Türkiye 2017’deki Anayasa   değişikliğine kadar yürütme gücünün kısmen bölündüğü ve bu bölünmüşlüğün de yürütme içinde denge ve denetleme görevi gördüğü bir idare hukuku düzenine sahipti.

Yani en tepede örneğin ‘yürütmenin başı’ olarak cumhurbaşkanı vardı, ama yürütmenin bir başı daha vardı: Başbakan. Sadece bu da değil. Hükümetteki bakanlar da ‘yürütme’ görevi yapıyor ve görevlerinden ötürü hukuki sorumluluk taşıyordu. Bitmedi, bir de hükmi bir şahsiyet olarak bakanlar kurulu vardı, bazı idari işlemler ancak bu kurulun bütün üyelerinin imzasıyla yapılabiliyordu.

Bu düzen içinde müsteşarların, genel müdürlerin, özerk veya yarı özerk kurum başkanlarının hepsinin kendilerine ait hukuki sorumlulukları vardı. Başbakanın veya cumhurbaşkanının her söylediği olmayabiliyordu.

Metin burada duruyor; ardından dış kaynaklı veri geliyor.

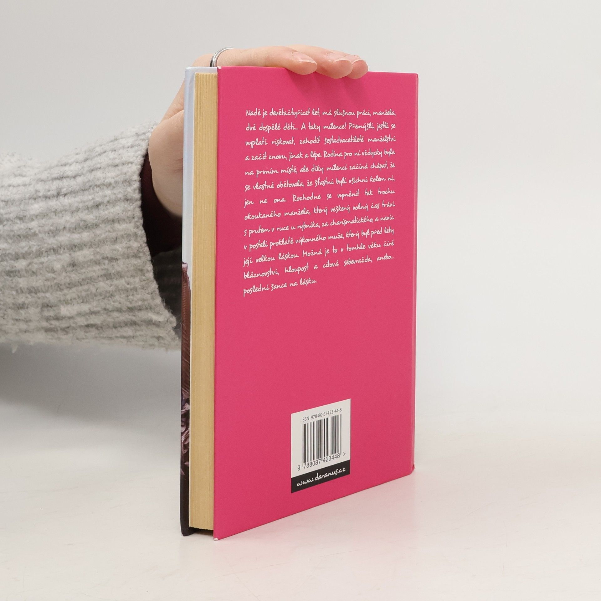 Kniha vypráví příběh ženy, v níž nejedna čtenářka pozná samu sebe. Vždyť kdo by odolal pokušení vymanit se z ubíjejícího manželského stereotypu, když se v jeho životě objeví nová známost? Říká se, že na to, aby byl člověk šťastný, nikdy není pozdě. Ale na druhé straně taky občas platí zlomyslná poučka, že „každá změna je k horšímu“. Volba není jednoduchá. Ostatně jako vždycky, když jde o lásku.

Türkiye başkanlık sistemine geçince bu birbirini denetleyip dengelesin diye bölünmüş yürütme yapısı ortadan kalktı; bütün yürütme yetkisi tek bir kişiye, cumhurbaşkanına verildi. O kadar ki, cumhurbaşkanı isterse tek başına Türkiye’nin neredeyse bütün idari yapısını baştan sona tek başına değiştirebiliyor; bunun için kararname çıkartması yeterli.

Nitekim 2018’deki seçimle birlikte Cumhurbaşkanlığı Sistemi’nin uygulamasının başlamasından hemen önce, o dönem Binali Yıldırım başkanlığındaki son bakanlar kurulu seçilecek cumhurbaşkanı için çok ciddi bir ‘yol temizliği’ yaptı; Meclis’ten aldıkları kanun hükmünde kararname (Eski anayasada böyle bir şey vardı bir de) çıkarma yetkisiyle art arda onlarca, yüzlerce yasayı yürürlükten kaldırdı veya kapsamlı değişikliklere tabi tuttu.

Kaldırılan yasaların başında bakanlıkların kuruluş kanunları vardı.

Sonra Tayyip Erdoğan yeni sistemin Cumhurbaşkanı olarak seçilip yeni anayasal yetkilere kavuşur kavuşmaz inanılmaz uzunlukta Cumhurbaşkanlığı Kararnameleri çıkararak işte bu yasası iptal edilmiş bakanlıkları ve diğer kamu birimlerini, en önemlisi Cumhurbaşkanlığı’nın kendi içindeki idari yapıyı yeniden kurdu.

Ben böyle bir cümlede yazıp geçiyorum ama bu işin kapsamı ve kolayca gözden kaçabilecek veya yanlış anlaşılabilecek detayların çokluğunu, konunun hukuki ve bilimsel inceliklerini tam olarak idrak edebilmek bile zor. Muazzam bir işe kalkışıldı; Türkiye’de devletin ve hukukun 150 yıllık tecrübeyle ürettikleri tek bir günde değiştirildi.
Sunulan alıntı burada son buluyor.